The Dragonfly Sea
Page 38
Never.
Ayaana breathed, hefting Pate, her home, as another talisman. The outside wind dropped its high-pitched lamentation. Eavesdropping wind. Ayaana’s thought: Today, my ghosts, you have witnessed my tumble. Transmutation. What she knew: currents were bearers of destinations. A putrid fish smell seeped into the room through an open window. Ayaana lifted the edge of the sheet to cover her nose. Koray seemed immune. The more she watched him, the less she saw him. Thick silence. Limbs entwined. Koray’s hand was flat on her stomach. “I will adjust the ring for you.” Her fingers combed through his soft curls of their own volition. His eyes flickered. His eyes closed. “My mother wants you to have it.”
Of course she does. “Is this Nehir’s house?” Ayaana asked.
“And mine,” Koray murmured.
Stone-heavy weight on Ayaana’s chest, as if the old asthma were stirring awake. She held her breath, a shield.
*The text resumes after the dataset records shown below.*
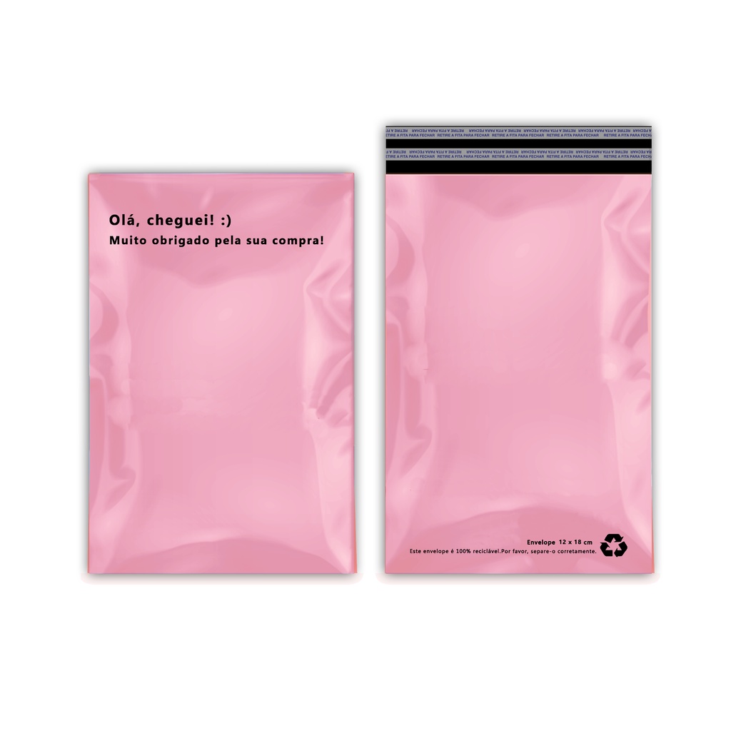 Kit 100 Envelope Segurança Rosa Bebê 12x18cm Lacre Embalagem Envio Correios Resistente Brilhante
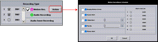 - Alarm-Out : sends digital outputs (alarm, lamp and so on) checked upon motion event
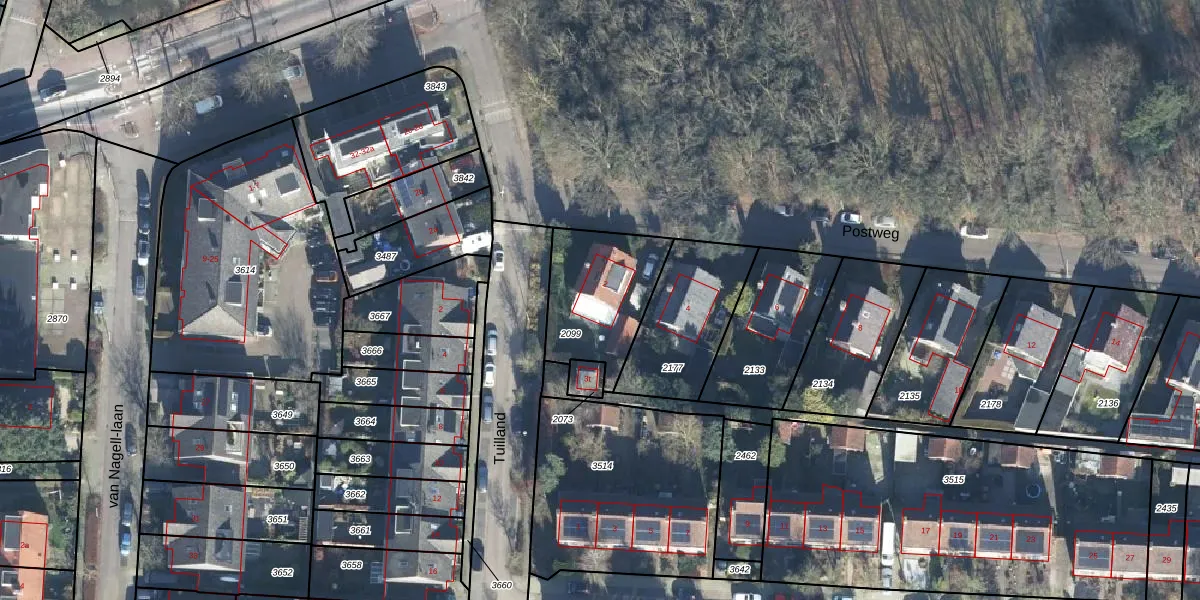 Het perceel waarop Postweg 2 staat heeft een oppervlakte van 383 m². Dit is een groot perceel. De perceeloppervlakte wordt geregistreerd door het Kadaster. Gedetailleerde informatie over de maten van dit perceel kunt u vinden in het rapport Kadastrale kaart met maatvoering van Postweg 2.

Reflections from the day striped the room and their bodies. Pungent scents of living. There was also that special loneliness that can come only from being with another.
* * *
Before dawn the next day, Ayaana scrubbed her body with the assorted oils that adorned the shower walls, testing them all. Nehir’s distillates. She dressed up in sweat-stained clothes and left the den and the sleeping Koray surrounded by his true and false sapphires. Outside, transfixed by light, even though it was a drab day, she carried the riddle of herself, touching her mouth, noticing her flushed skin, seared at the core. She made her way through dimming worlds, the stink of smoke, and the centuries saturating narrow pathways. She ignored the leering eyes and derogatory catcalls of hungry-thirsty strangers who imagined that a woman alone at this time in this district was peddling her soul. Refuge in the memory of the rhythm of tides as they flowed into her in the company of Delaksha’s question: “Is it true that there are bats that can suck your blood as you sleep, and all you might feel of the draining is a sweet-sweetness, and only when you wake up do you realize how grievously mutilated you are?”
[ 76 ]
When Ayaana reached Taksim Square, she snapped to greater wakefulness. Crowds, faces, people of the world at the crossroads, bumping their heads against low-hanging ancient stones. Beggars. Time. A booming voice, American? Despair. Inarticulate heart-wail: “Where am I?” She looked and looked. Standing before the desired shores of the Bosporus, but instead of awe and wonder, for no fathomable reason she saw, through borrowed memory, the souls scattered and still scattering beneath waters: all those pilgrims who, like her, had fantasized about elsewhere-bliss. Nameless, invisible, and already abandoned. Speak to us of earth, she heard them whisper in many voices; Ayaana fled. “Where is the Embassy of the Republic of Kenya?” she gasped.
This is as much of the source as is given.